PRETORIA, South Africa, Feb. 18 -- South Africa on Friday reported a 57 percent jump in deaths between 1997 and 2002, providing a startling -- if indirect -- picture of the rocketing toll of the country's AIDS epidemic.

Releasing figures from a widely awaited national mortality study, Statistics South Africa (Stats SA) said reported deaths had leapt to 499,268 in 2002 from 318,287 in 1997.

Among those older than 15, deaths increased by 62 percent.

The report showed deaths increasing most rapidly for women and people ages 20 to 49 -- the groups considered most susceptible to the human immunodeficiency virus that causes AIDS and that affects an estimated one in nine of the country's 43 million people.

The study "provides indirect evidence that the HIV epidemic in South Africa is raising the mortality levels of prime aged adults," the head of Stats SA, Pali Lehohla, said in a statement.

The study appeared likely to spark new debate over the extent of the AIDS crisis in South Africa, where President Thabo Mbeki's government is often accused by critics of underplaying and underestimating the crisis.

"Death from AIDS of working age adults is a real and immediate crisis," the opposition Democratic Alliance said in a statement Friday responding to the new numbers.

The Stats SA study was based on 3 million official death certificates recorded over a five-year period.
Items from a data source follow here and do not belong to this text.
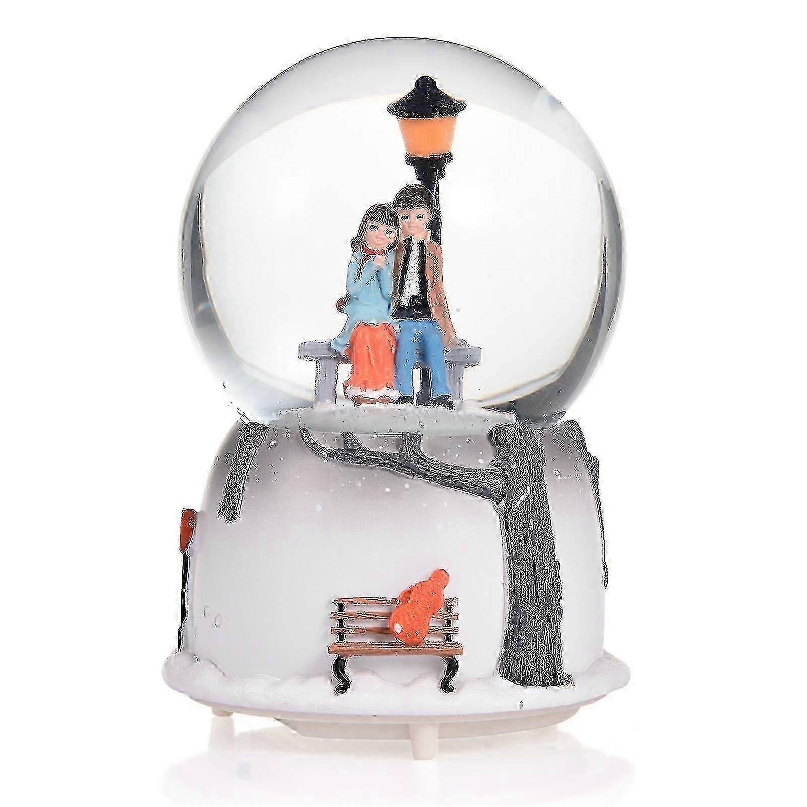 w Romantic Lover Musical Snow Globe LED Couple Crystal Ball Music Box Automatic Snow Spraying Sky City Music Box Valentine s Giftc
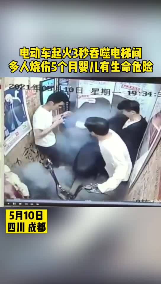 电动车起火3秒吞噬电梯间
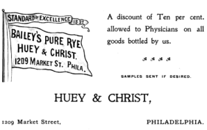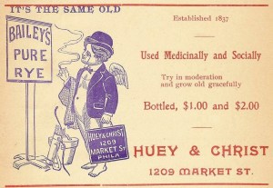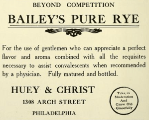 No matter what you think about drink and health, you might be startled by the rosy view of alcohol, especially hard liquor, in these advertisements. We may be reminded of old cigarette advertisements when we read of “leading doctors” who recommend one brand of whiskey for their patients. Advertisers sometimes allowed a hint of hedonism. For example, the 1903 mascot of Huey & Christ seems to be a combination of Puck, Cupid, and Peck’s Bad Boy, unlikely to “try in moderation and grow old gracefully.” But the firm’s advertising repeatedly linked Bailey’s Pure Rye with dignified aging, medical care (a nurse is shown ministering to a hospitalized man), and refined conviviality.
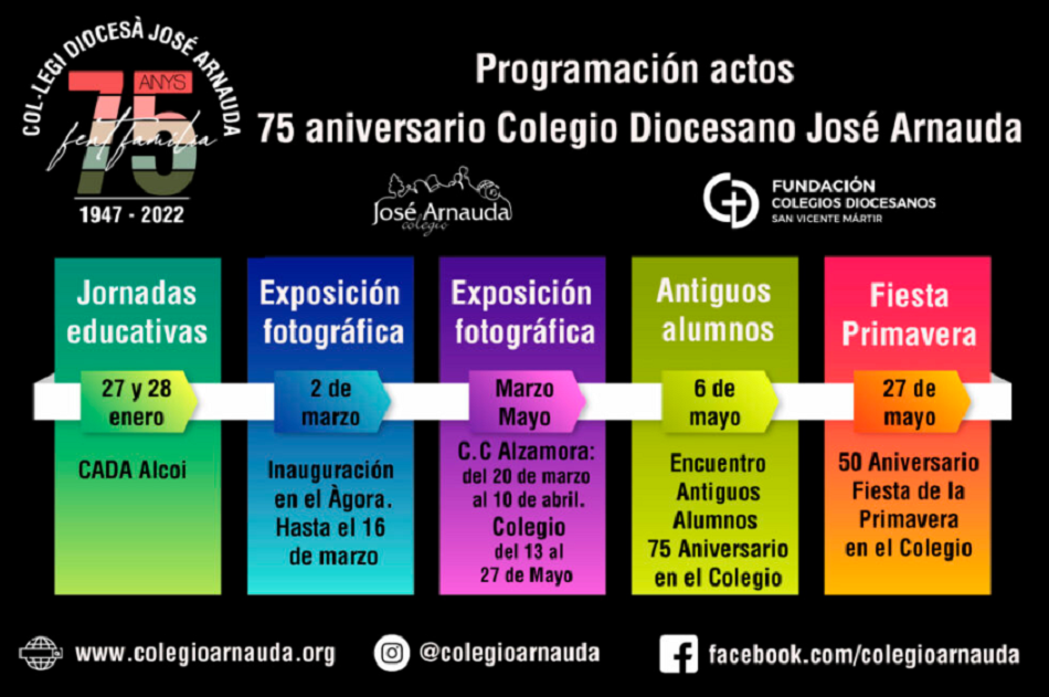 Inmersos ya en nuestro 75 aniversario, compartimos con vosotras la programación de actividades que se realizarán durante el curso. En un año tan especial, os invitamos a participar de todas ellas y os iremos informando sobre cómo poder hacerlo en cada una. Entre todos hemos construido la historia de nuestro colegio y contamos con todos vosotros para seguir haciendo historia. Por 75 años más haciendo familia.
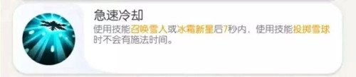 被动技能急速冷却,使用2技能召唤雪人/冰霜新星后4秒(满级8秒)内,使用1技能投掷雪球/雪球飞舞时不会有施法时间。
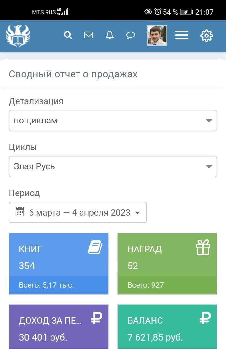 Так что я решил вернуться к рекламе, и обратился к своему другу Владу Садовому с очередным заходом на рекламу. Весной прошлого года я уже пользовался его услугами, о чем ранее писал. Тогда коэффициент прибыли составил 1,6 (вложил 15, снял чуть более 24), но в этот раз мы стартанули с рекламой уже на полный цикл из 5 книг "Злая Русь". И... Я немножко слукавил, написав в заголовке, что вложил 15000 рублей, а получил на цикле 30. На самом же деле ещё идут последние дни рекламы, так что заработанная сумма со старта продаж 6 марта до конца не определена. На настоящий же момент статистика следующая:
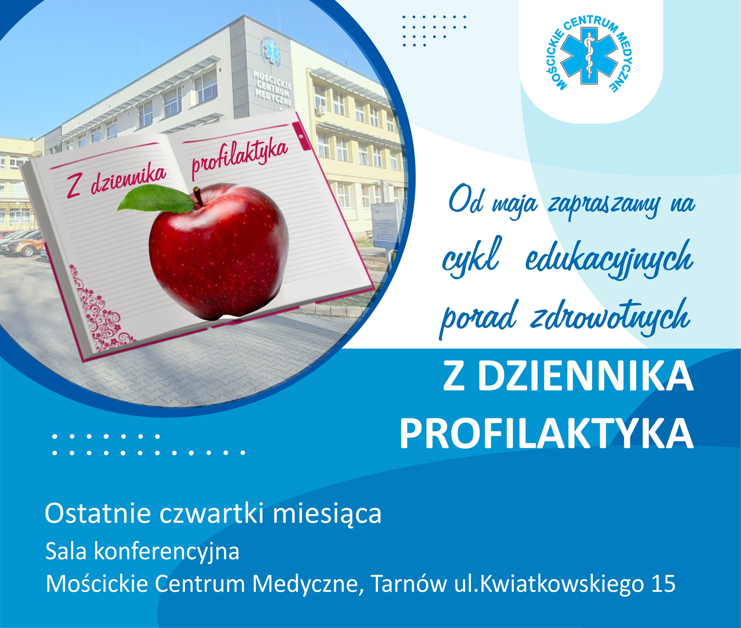 Mościckie Centrum Medyczne rozpoczyna od maja cykl edukacyjnych porad zdrowotnych „Z dziennika profilaktyka”. Będą one bezpłatnie dostępne dla wszystkich zainteresowanych.
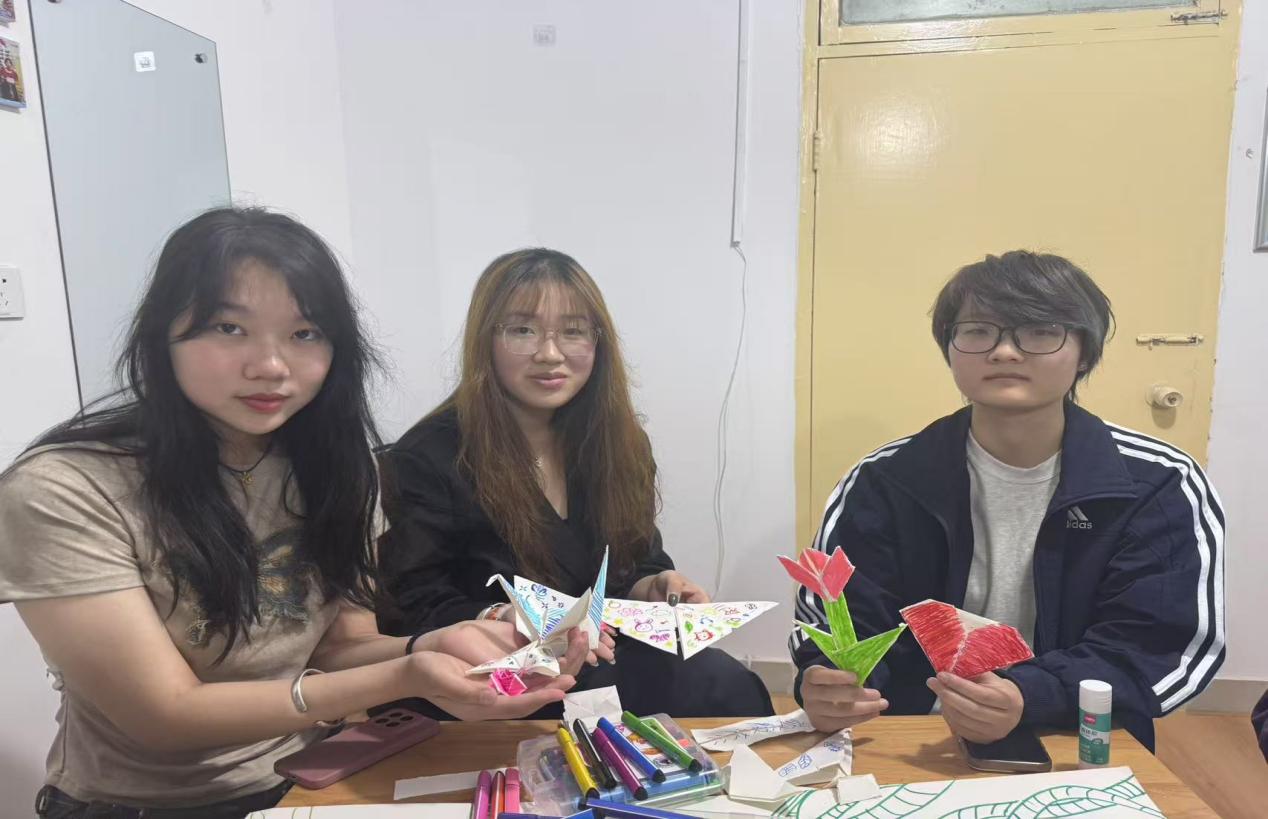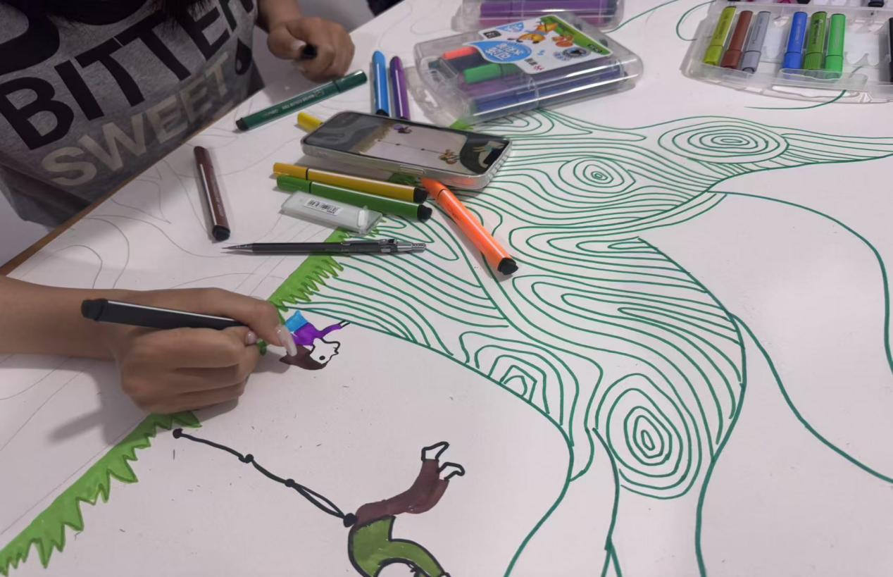 活动伊始,师艺园从“艺术+心理”的角度向同学们介绍本次活动的目的,说明了绘画与折纸对情绪表达和心理调节的积极作用,鼓励同学们“用色彩诉说心声,用线条勾勒梦想”。在温馨愉悦的氛围里,同学们纷纷拿起画笔,将指尖的灵感转化为绚丽的色彩,每一笔色彩、每一片拼贴,都凝聚着同学们的集体智慧,彰显出他们丰富的内心世界和独特的艺术视角。
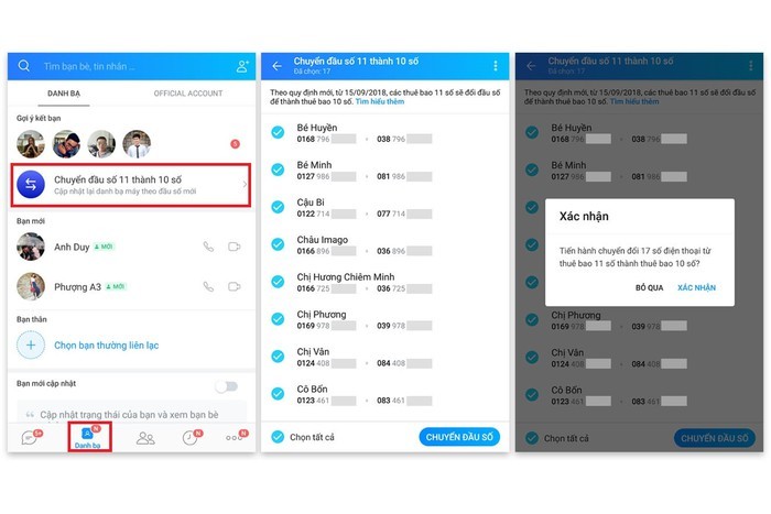 Để chuyển đổi, người dùng chỉ cần thực hiện truy cập mục Danh bạ trong Zalo > Chuyển đầu số 11 số thành 10 số > chọn số > Chuyển đầu số > Xác nhận.

It said that on average, 1,368 South Africans died every day in 2002, compared with 872 deaths a day in 1997.

"It is in the 30-to-34 age group that we are seeing a very, very high percentage of deaths being registered," said Liz Gavin, the agency's director of population statistics.

Officials said exact causes of death remained hard to ascertain because in many cases, common AIDS-related diseases such as tuberculosis, influenza or pneumonia were officially recorded as responsible.

Those three diseases are killing many more South Africans than before as the AIDS virus spreads through the population.

Pneumonia was listed as responsible for 51,000 deaths in 2001, compared with 22,000 in 1997, while the toll from influenza and pneumonia jumped to 31,000 from 12,000 in the same period.

HIV, the subject of intense social stigma in South Africa, where publicly funded AIDS drug treatment became available only last year, was directly blamed for 9,000 deaths in 2001, compared to 6,000 four years earlier.

South Africa last year launched a public anti-retroviral drug program, but implementation remains slow, with tens of thousands of prospective patients still lacking access to the lifesaving medication.

Health Minister Manto Tshabalala-Msimang, speaking on Friday before the Stats SA figures were released, said the government was doing its best despite confusion about the extent of the disease and numbers of people to be treated.

"Give me a country that has precise figures. Everybody is working on projections, and we were working on projections, too," she told reporters in Cape Town.